Right about now, I bet your little voice is saying something like “But, you don’t understand, I NEED these customers! They buy stuff and that’s revenue. Since when was revenue a bad thing?”
When you take on customers that cause your people to run around doing extra things that weren’t originally designed into the process – this is costing you money. The unfortunate thing is that it’s often invisible in the accounting. Instead, it often shows up in the form of the quiz I used to start this article.

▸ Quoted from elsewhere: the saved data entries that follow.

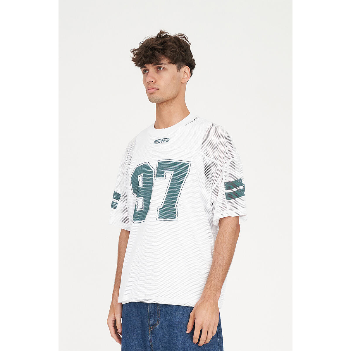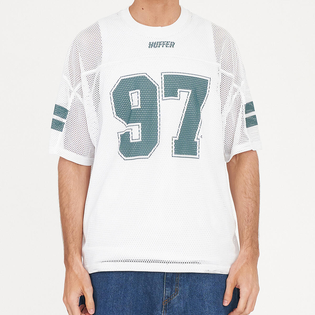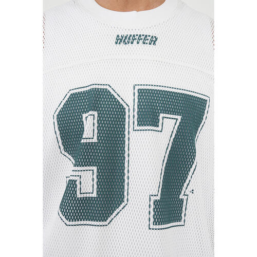 � What you need to know: 100% Polyester Mesh, 155gsm, 25mm Neck rib, Relaxed fit, Short sleeve, Huffer branded placement print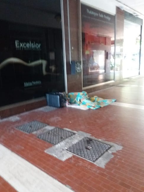 Ora il bivacco c’è sia nelle ore notturne che in quelle diurne, visto che i clochard si svegliano solo intorno alle 10.30-11, restando sino a quell’ora con le proprie coperte e cartoni dinanzi alle vetrine dei negozi, ostacolando addirittura il passaggio dei pedoni. E, una volta in piedi, prima di raccogliere le proprie cose e di spostarsi, non si fanno scrupolo di espletare i propri bisogni dinanzi alle stesse vetrine dei portici, com’è accaduto stamane con un commerciante costretto ad armarsi di interi barattoli di varichina per tentare di contrastare il puzzo del rivolo di urina che si è ritrovato dinanzi al proprio negozio, episodio peraltro regolarmente ripreso e fotografato dagli stessi commercianti.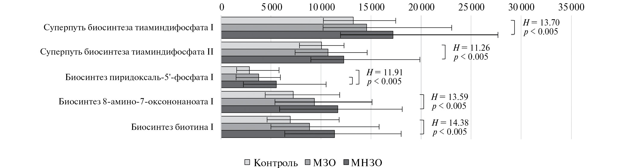 Рис. 3. Анализ путей синтеза водорастворимых витаминов в метаболических профилях микробиома пациентов с МЗО и МНЗО.
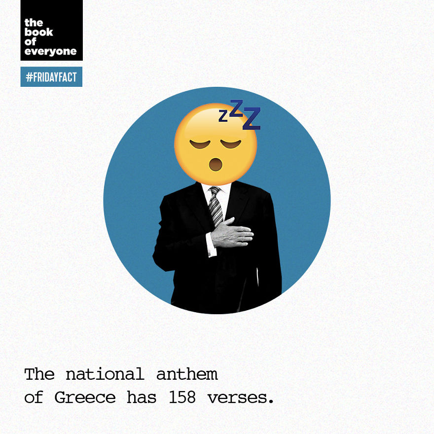 ▼希臘國歌的歌詞有多達158段,全部唱完的話需要55分鐘。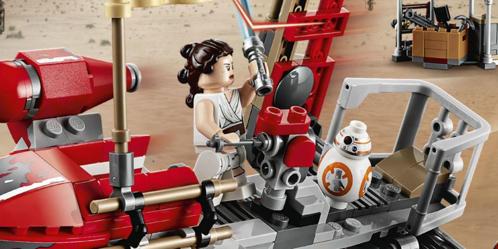 Entre las imágenes publicadas por LEGO se incluyen sets para Kylo Ren's Shuttle, Millennium Falcon, un Resistance A-Wing y Y-Wing Starfighter, y un set llamado "Pasaana Speeder Chase". Este último set, que tiene lugar en el planeta desierto titular que aparece en la película, podría basarse en una escena presente en el primer trailer de TROS, o tal vez no, ya que el set muestra a Rey y BB-8 frente a un equipo de soldados de asalto, como opuesto al tiro que vimos en el avance que presentaba a Poe, Finn y C-3PO. Los otros conjuntos son notables principalmente por sus minifiguras que representan nuevos personajes, incluidos el General Pryde de la Primera Orden, la anti heroína Zorri Bliss y dos miembros de los misteriosos Caballeros de Ren. En particular, un personaje completamente nuevo aparece en el set del Halcón Milenario, un alienígena llamado Boolio, que parece estar ayudando a la Resistencia.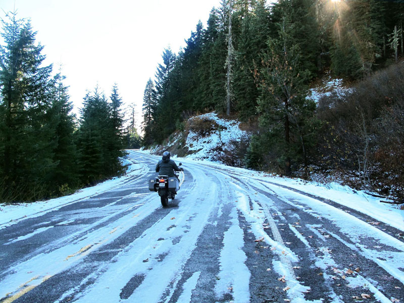 Early the following morning, cool and misty, we set out from a Walmart parking lot in Grants Pass, Oregon. The paper map showed a tiny gray line leading down into Northern California, and although it was marked as paved, I wasn't too alarmed to find us on a gravel road, winding through deep conifers. But as Doofus and Dingus kept making turns onto ever-smaller routes, mere gravel tracks and abandoned logging roads, I began to wonder. I tried to keep an eye on the compass, to make sure we were tending south. Then I began to see patches of snow here and there, and started worrying.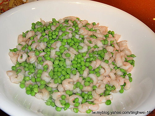 店家宣稱 - 色澤青翠油亮的豌豆河蝦仁,用的是1斤7、800元的甜豆嫩豆仁;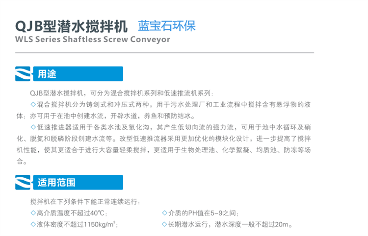 三、QJB型潜水搅拌机使用条件: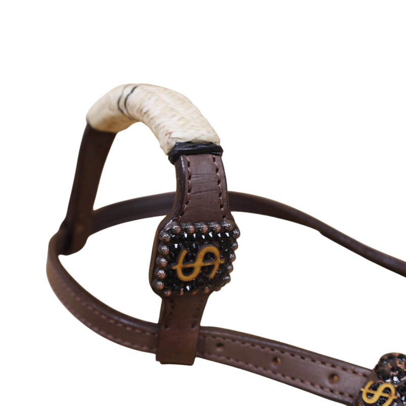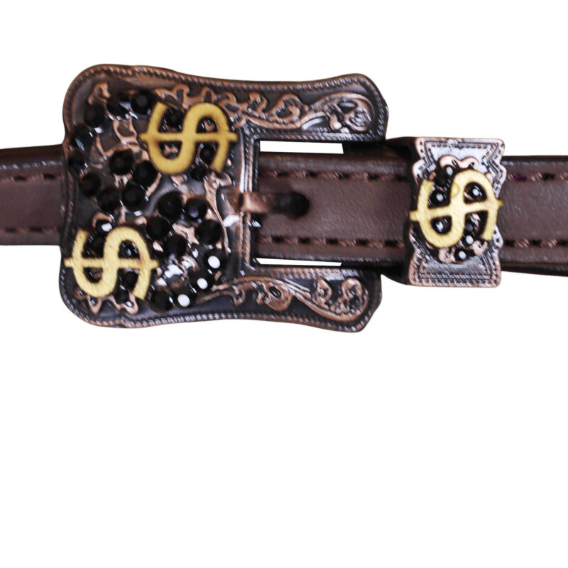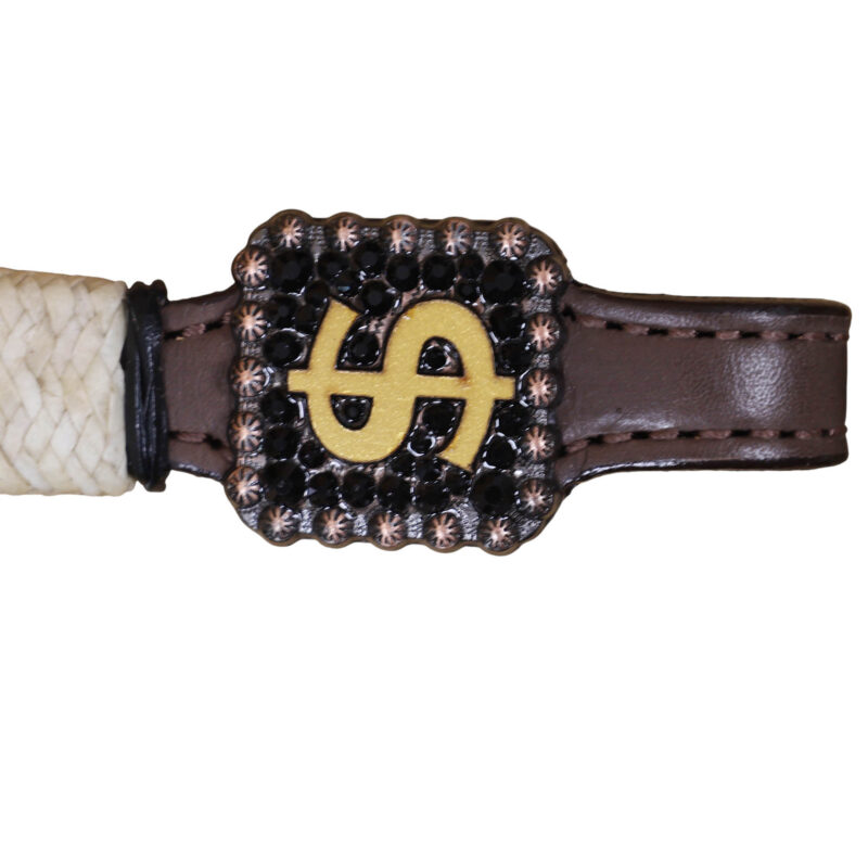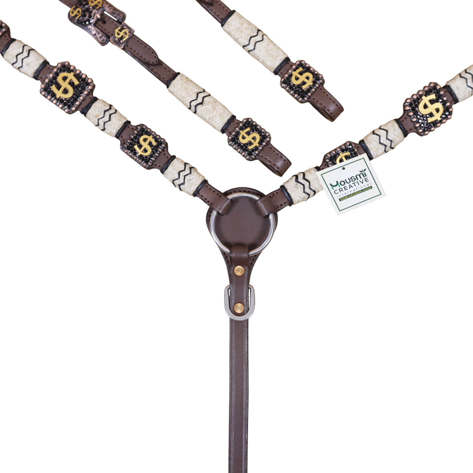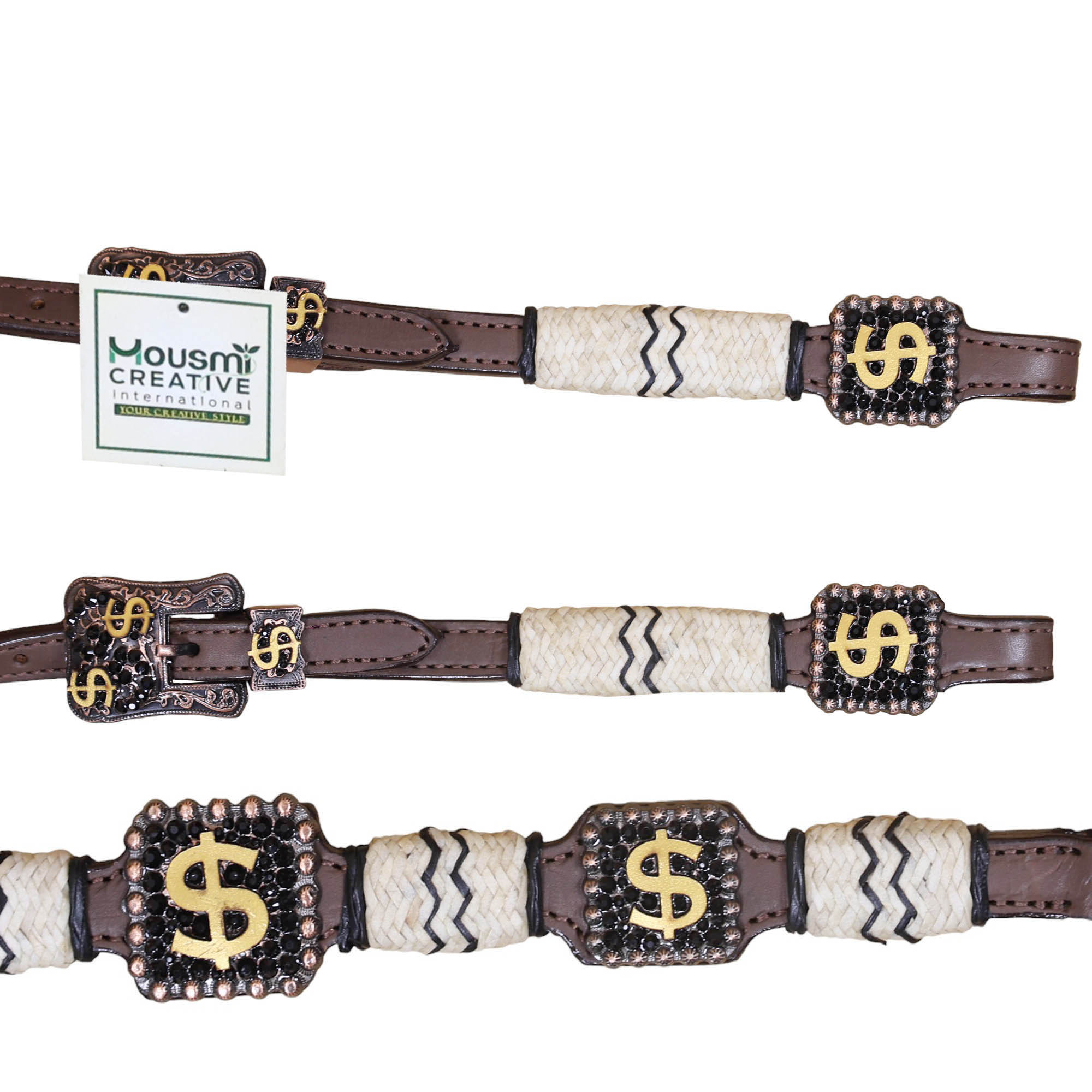 Headstall Type: Headstall and Breast Collar tack Set decorated with Rawhide knotting with 3D golden Dollar $ sign conchos and buckle with black stones.

Here are three painless ways to identify your ideal customers:
- Look through your customer list and simply start marking the customers you like working with. Don’t think too hard about it, just use your gut. Now head down to accounting and ask them to run a report which sorts your customers in descending order of sales based on 1)margin 2) revenue. Just for kicks get that report over the last three years. Now compare the list you created to the margin report. Pick and choose the customers with the highest margins that you like to work with. Now start profiling them. What do they have in common?
- Create a list of ideal client behaviors and qualifications (based on the work you did above). Make sure you also understand what it is about this list that makes it ideal. For example, Does the client have less than 5 locations in the region? (Yes/No) Our ideal client has less than 5 locations in a 150 mile radius. This allows is to service them within 24 hours.
- Include “ideal client characteristics” as part of your segmentation and customer satisfaction feedback process. Once you’ve decided on your ideal customer characteristics you have to be sure that your customer satisfaction process measures your ability to deliver. Once you’ve committed to an ideal customer, you have to have stellar performance. Measure it and act on the results.
Don’t look at this process as turning customers away, instead look at it as freeing up space for more ideal customers. These ideal customers are easy to work with, they value what you offer in exactly the way it was designed. They are loyal. They don’t complain about price and that makes them profitable. Why wouldn’t you want more of that?